Before printing, remove every picture; then print the lines below exactly, from the first line through the line containing "Die Watch S Pro ist".

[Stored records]
------------------------------------

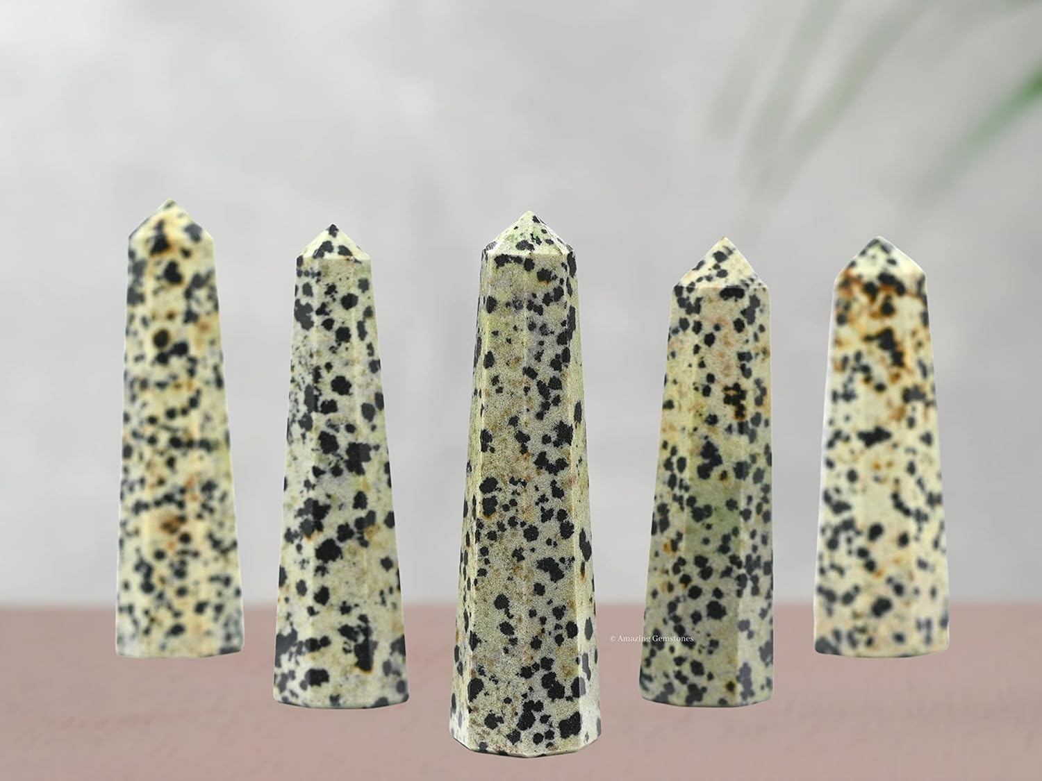 Amazing Gemstone Dalmatian Jasper Crystal Towers ~ Natural Healing Crystal Point Obelisk for Reiki Healing and Crystal Grid (2 to 3 INCH)
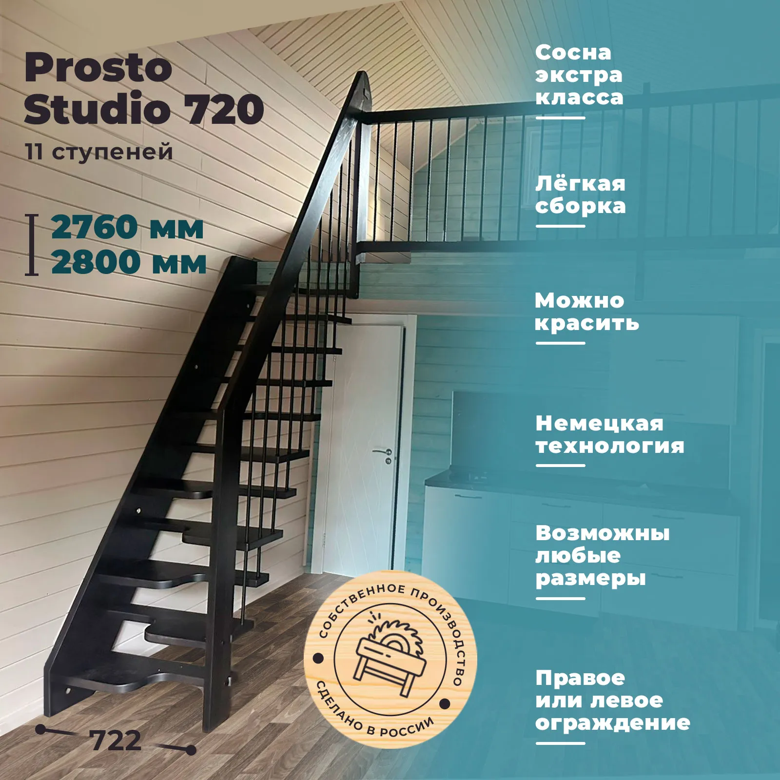 Модульная лестница Фаворит 225 2250-2350, Черный, Лиственница, Крашеная
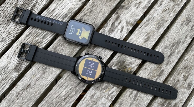 Die Watch S Pro ist eine runde Smartwatch mit skalierter Lünette, die Watch 2 Pro folgt der von Apple begründeten rechteckigen Bauform. Darüber hinaus fallen bereits beim Design weitere Unterschiede auf: Während die Watch 2 Pro nur eine Taste zum Bedienen hat, besitzt die Watch S Pro zwei, von denen die untere allerdings fest der Trainings-App zugeordnet ist. Die Bänder sind bei beiden aus Silikon, doch nur bei der Watch 2 Pro setzt realme mit dem Slogan "Dare to Leap" einen Akzent. Übersetzt bedeutet er soviel wie "Wage den Sprung"; eine Motivation, etwas Neues auszuprobieren.
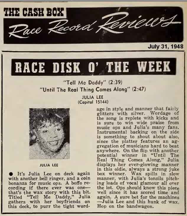 You think you know the songs Julia Lee sang, but you probably don't know the whole story. She is best known for her double entendre songs (or, as she put it: "the songs my mother taught me not to sing"), but there was a lot more to her than that.
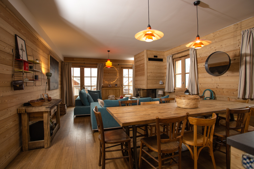 Vermietung Ferienwohnung in einem Chalet La petite bulette 5* /140m2 / 11 pers / 4 chambres et 4 sdb/ au pied des pistes
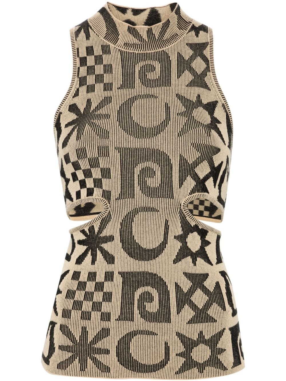 Maraj tank top Highlights - Beige/black - Organic cotton - Ribbed knit - Patterned jacquard - Cut-out detailing - Mock neck - Sleeveless - Racerback - Straight hem Imported Composition Organic Cotton 100% SIZE & FIT Model measurements Height 5 ft 10 in(1.78 m) Bust/Chest 33.07 in(84 cm) Hips 36.61 in(93 cm) Waist 24.8 in(63 cm) FittingInformation Designed for a close fit throughout Made from a midweight stretch fabric, this piece offers elasticity and flexibility when worn Washing instructions Dry Clean Only

------------------------------------

__ANSWER TO THE PROBLEM__:
 Amazing Gemstone Dalmatian Jasper Crystal Towers ~ Natural Healing Crystal Point Obelisk for Reiki Healing and Crystal Grid (2 to 3 INCH)
 Модульная лестница Фаворит 225 2250-2350, Черный, Лиственница, Крашеная
 Die Watch S Pro ist eine runde Smartwatch mit skalierter Lünette, die Watch 2 Pro folgt der von Apple begründeten rechteckigen Bauform. Darüber hinaus fallen bereits beim Design weitere Unterschiede auf: Während die Watch 2 Pro nur eine Taste zum Bedienen hat, besitzt die Watch S Pro zwei, von denen die untere allerdings fest der Trainings-App zugeordnet ist. Die Bänder sind bei beiden aus Silikon, doch nur bei der Watch 2 Pro setzt realme mit dem Slogan "Dare to Leap" einen Akzent. Übersetzt bedeutet er soviel wie "Wage den Sprung"; eine Motivation, etwas Neues auszuprobieren.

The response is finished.